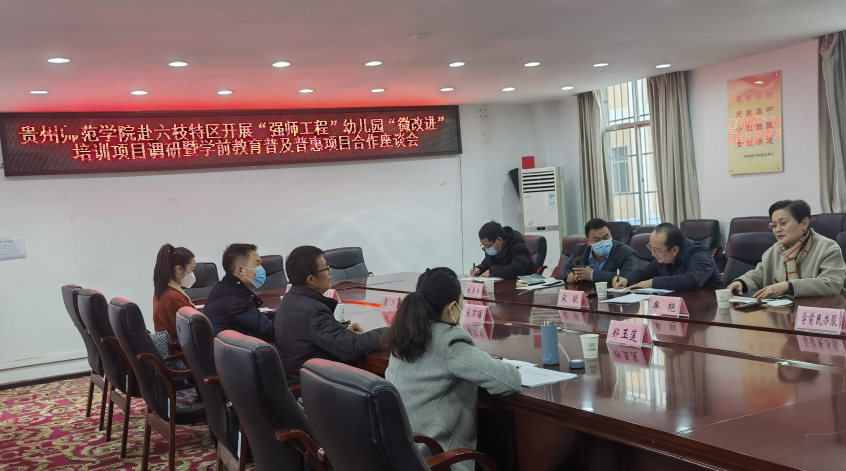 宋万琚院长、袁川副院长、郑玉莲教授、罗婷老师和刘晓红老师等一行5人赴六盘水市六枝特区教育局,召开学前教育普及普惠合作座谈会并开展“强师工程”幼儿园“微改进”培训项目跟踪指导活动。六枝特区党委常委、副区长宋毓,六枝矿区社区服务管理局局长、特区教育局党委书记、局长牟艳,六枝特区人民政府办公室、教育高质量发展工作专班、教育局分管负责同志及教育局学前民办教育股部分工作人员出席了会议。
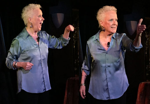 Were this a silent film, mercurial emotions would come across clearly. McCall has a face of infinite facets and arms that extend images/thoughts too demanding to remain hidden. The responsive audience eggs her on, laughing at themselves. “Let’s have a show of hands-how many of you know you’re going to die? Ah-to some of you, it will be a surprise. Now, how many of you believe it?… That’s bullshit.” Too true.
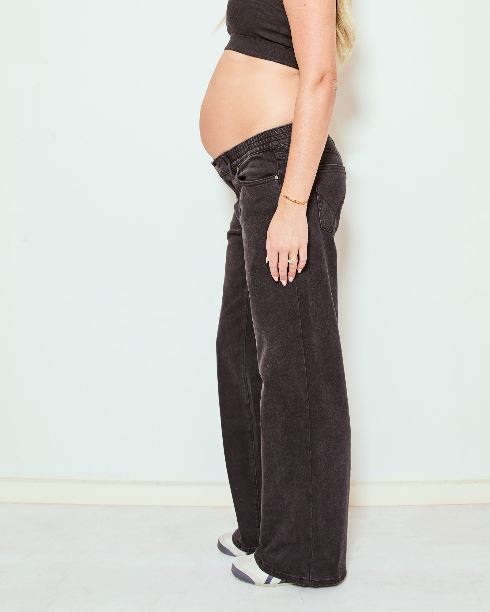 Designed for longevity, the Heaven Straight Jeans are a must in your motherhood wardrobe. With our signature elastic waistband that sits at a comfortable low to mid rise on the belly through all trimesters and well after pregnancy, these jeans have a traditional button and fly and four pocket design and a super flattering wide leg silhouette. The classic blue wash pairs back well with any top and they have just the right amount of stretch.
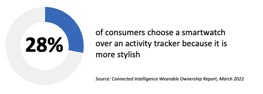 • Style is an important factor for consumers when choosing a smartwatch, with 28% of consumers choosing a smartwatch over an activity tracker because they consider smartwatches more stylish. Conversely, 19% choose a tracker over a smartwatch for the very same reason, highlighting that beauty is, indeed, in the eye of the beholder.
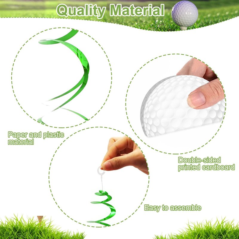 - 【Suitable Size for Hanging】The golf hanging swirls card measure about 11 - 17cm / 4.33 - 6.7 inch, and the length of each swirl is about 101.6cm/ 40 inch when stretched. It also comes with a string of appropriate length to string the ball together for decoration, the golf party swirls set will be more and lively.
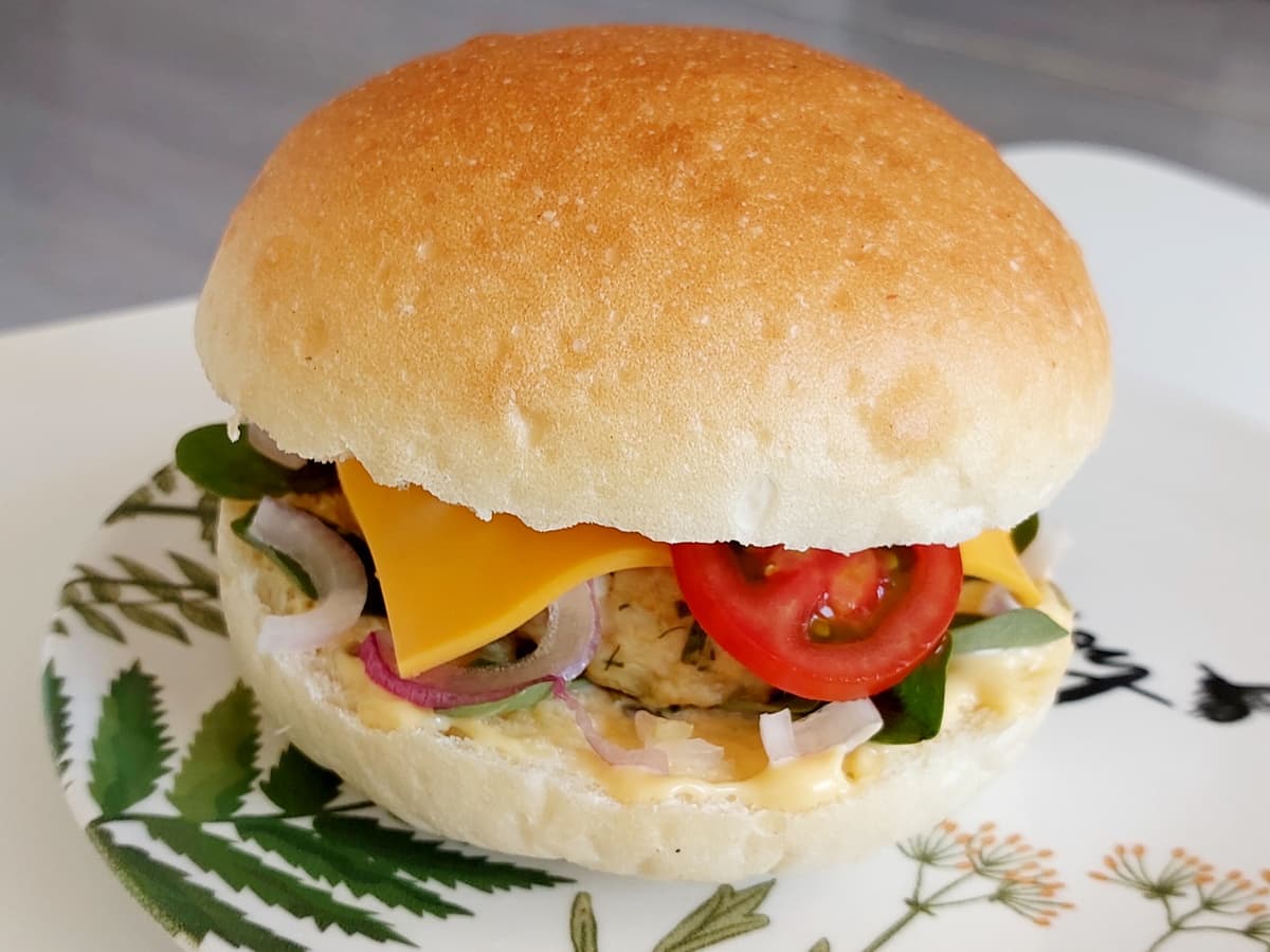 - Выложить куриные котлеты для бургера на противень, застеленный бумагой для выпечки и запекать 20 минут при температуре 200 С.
--- --- ---
→ **What you should do**
An exact retyping of the material, minus the pictures, is the required answer.

→ **Answer section**
 宋万琚院长、袁川副院长、郑玉莲教授、罗婷老师和刘晓红老师等一行5人赴六盘水市六枝特区教育局,召开学前教育普及普惠合作座谈会并开展“强师工程”幼儿园“微改进”培训项目跟踪指导活动。六枝特区党委常委、副区长宋毓,六枝矿区社区服务管理局局长、特区教育局党委书记、局长牟艳,六枝特区人民政府办公室、教育高质量发展工作专班、教育局分管负责同志及教育局学前民办教育股部分工作人员出席了会议。
 Were this a silent film, mercurial emotions would come across clearly. McCall has a face of infinite facets and arms that extend images/thoughts too demanding to remain hidden. The responsive audience eggs her on, laughing at themselves. “Let’s have a show of hands-how many of you know you’re going to die? Ah-to some of you, it will be a surprise. Now, how many of you believe it?… That’s bullshit.” Too true.
 Designed for longevity, the Heaven Straight Jeans are a must in your motherhood wardrobe. With our signature elastic waistband that sits at a comfortable low to mid rise on the belly through all trimesters and well after pregnancy, these jeans have a traditional button and fly and four pocket design and a super flattering wide leg silhouette. The classic blue wash pairs back well with any top and they have just the right amount of stretch.
 • Style is an important factor for consumers when choosing a smartwatch, with 28% of consumers choosing a smartwatch over an activity tracker because they consider smartwatches more stylish. Conversely, 19% choose a tracker over a smartwatch for the very same reason, highlighting that beauty is, indeed, in the eye of the beholder.
 - 【Suitable Size for Hanging】The golf hanging swirls card measure about 11 - 17cm / 4.33 - 6.7 inch, and the length of each swirl is about 101.6cm/ 40 inch when stretched. It also comes with a string of appropriate length to string the ball together for decoration, the golf party swirls set will be more and lively.
 - Выложить куриные котлеты для бургера на противень, застеленный бумагой для выпечки и запекать 20 минут при температуре 200 С.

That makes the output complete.